INSTRUCTIONS FOR THE TASK: From the records below, output exactly the lines running from the line containing "Pet's Story or" through the line containing "PAUL & SHARK", and no others.

Collected data
++++++++++
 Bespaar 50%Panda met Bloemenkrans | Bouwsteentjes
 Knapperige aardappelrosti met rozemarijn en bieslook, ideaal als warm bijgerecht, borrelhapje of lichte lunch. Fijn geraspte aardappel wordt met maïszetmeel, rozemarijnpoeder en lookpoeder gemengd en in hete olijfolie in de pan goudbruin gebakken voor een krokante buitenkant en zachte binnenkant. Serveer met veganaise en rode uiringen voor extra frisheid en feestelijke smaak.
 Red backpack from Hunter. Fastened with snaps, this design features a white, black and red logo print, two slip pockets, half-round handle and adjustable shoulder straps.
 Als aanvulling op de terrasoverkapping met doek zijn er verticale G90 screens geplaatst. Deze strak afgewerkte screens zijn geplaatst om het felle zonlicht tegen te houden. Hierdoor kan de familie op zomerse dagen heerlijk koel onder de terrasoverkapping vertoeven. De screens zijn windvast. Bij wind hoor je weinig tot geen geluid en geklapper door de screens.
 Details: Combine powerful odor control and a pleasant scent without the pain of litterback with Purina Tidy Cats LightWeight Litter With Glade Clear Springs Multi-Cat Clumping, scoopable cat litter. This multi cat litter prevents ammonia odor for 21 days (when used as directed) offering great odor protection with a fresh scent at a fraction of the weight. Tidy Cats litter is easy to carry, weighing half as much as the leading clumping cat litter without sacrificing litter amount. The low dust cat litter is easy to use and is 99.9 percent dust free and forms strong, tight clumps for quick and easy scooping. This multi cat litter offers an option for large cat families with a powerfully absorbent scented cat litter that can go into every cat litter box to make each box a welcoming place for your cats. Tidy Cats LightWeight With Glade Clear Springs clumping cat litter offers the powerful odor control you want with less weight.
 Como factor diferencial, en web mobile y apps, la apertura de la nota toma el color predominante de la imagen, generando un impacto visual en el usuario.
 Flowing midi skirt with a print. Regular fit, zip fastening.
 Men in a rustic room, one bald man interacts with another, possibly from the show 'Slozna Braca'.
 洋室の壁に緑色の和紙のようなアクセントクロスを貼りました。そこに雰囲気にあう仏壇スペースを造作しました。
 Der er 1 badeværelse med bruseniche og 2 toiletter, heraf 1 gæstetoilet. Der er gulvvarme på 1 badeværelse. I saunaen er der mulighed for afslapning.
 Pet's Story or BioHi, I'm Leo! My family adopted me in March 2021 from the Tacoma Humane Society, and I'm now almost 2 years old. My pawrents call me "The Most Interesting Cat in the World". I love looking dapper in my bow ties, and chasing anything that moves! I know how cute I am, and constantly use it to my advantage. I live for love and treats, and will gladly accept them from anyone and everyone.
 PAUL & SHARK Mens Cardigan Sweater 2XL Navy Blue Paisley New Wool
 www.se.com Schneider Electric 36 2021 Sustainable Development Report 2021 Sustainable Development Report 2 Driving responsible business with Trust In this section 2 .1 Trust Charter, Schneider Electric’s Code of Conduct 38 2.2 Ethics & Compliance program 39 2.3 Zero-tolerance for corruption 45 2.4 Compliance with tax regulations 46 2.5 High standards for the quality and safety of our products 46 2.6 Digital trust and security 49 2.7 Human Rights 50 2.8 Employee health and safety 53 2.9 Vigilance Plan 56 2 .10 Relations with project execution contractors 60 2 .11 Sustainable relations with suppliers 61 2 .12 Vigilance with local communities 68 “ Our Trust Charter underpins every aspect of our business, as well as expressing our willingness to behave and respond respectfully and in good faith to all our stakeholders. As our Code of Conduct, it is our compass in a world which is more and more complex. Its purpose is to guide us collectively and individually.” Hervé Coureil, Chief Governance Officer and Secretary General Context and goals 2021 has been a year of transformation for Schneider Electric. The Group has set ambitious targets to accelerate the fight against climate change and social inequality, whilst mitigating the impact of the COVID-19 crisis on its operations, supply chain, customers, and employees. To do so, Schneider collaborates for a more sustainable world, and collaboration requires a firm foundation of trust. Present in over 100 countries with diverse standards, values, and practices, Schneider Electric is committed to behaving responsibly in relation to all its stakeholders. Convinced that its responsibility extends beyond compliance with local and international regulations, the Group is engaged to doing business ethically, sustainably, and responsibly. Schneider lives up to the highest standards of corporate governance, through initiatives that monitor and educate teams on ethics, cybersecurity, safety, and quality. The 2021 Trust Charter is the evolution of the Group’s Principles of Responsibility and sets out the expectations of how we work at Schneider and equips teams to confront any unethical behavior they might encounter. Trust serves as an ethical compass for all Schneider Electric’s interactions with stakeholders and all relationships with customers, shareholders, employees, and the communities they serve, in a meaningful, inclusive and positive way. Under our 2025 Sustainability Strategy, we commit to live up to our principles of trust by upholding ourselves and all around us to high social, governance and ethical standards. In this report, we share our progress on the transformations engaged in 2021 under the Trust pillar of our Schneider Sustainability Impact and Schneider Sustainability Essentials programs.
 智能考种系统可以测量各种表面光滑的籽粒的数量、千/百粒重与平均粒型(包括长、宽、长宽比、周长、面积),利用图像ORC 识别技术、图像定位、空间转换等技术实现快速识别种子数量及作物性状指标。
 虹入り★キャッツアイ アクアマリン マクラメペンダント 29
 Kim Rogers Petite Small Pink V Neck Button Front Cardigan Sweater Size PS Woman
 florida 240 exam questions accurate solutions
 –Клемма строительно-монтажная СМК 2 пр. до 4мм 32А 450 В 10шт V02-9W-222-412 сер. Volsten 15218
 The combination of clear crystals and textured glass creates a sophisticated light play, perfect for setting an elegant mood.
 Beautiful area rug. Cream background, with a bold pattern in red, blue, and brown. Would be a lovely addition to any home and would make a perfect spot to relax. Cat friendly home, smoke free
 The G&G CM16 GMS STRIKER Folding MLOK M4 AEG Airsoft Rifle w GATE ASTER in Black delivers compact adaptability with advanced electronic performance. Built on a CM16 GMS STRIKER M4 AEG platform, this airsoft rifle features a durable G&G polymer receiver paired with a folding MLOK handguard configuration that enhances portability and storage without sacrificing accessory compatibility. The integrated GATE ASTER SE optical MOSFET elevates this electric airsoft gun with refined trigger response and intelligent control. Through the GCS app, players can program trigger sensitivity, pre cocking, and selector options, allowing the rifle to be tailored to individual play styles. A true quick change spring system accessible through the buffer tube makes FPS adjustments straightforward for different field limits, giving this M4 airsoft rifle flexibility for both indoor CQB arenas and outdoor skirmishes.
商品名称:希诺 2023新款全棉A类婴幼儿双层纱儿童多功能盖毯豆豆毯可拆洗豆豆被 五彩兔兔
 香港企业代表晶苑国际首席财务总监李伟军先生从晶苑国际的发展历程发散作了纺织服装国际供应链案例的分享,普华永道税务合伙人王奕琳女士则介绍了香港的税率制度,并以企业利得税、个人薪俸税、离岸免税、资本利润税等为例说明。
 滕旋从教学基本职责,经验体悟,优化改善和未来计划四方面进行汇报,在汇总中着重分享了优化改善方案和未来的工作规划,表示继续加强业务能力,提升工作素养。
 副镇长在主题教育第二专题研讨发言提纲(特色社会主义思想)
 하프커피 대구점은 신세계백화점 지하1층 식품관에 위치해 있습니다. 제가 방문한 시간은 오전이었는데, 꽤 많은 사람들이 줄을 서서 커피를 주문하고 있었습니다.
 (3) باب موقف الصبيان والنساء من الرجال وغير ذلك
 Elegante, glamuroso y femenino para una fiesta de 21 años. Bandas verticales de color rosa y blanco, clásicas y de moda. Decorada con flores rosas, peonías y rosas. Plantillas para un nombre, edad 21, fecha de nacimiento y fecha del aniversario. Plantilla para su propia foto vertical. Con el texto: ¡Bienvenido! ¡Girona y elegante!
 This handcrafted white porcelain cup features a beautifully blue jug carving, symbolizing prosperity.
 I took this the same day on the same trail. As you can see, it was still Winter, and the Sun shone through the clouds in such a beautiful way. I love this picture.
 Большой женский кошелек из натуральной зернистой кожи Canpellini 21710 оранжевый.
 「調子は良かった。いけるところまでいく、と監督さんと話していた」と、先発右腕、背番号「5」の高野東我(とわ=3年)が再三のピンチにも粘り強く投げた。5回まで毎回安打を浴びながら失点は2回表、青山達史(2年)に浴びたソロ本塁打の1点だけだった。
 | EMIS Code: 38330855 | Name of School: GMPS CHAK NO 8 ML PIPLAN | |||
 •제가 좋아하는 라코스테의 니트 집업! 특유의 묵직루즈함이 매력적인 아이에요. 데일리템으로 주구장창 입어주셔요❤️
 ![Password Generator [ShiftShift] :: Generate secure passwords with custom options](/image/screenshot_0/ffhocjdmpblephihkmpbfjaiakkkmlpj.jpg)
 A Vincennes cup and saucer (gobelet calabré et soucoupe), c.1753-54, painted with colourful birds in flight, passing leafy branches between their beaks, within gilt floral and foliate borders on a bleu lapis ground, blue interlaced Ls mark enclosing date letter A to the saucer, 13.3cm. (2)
++++++++++
EXERCISE SOLUTION:
 Pet's Story or BioHi, I'm Leo! My family adopted me in March 2021 from the Tacoma Humane Society, and I'm now almost 2 years old. My pawrents call me "The Most Interesting Cat in the World". I love looking dapper in my bow ties, and chasing anything that moves! I know how cute I am, and constantly use it to my advantage. I live for love and treats, and will gladly accept them from anyone and everyone.
 PAUL & SHARK Mens Cardigan Sweater 2XL Navy Blue Paisley New Wool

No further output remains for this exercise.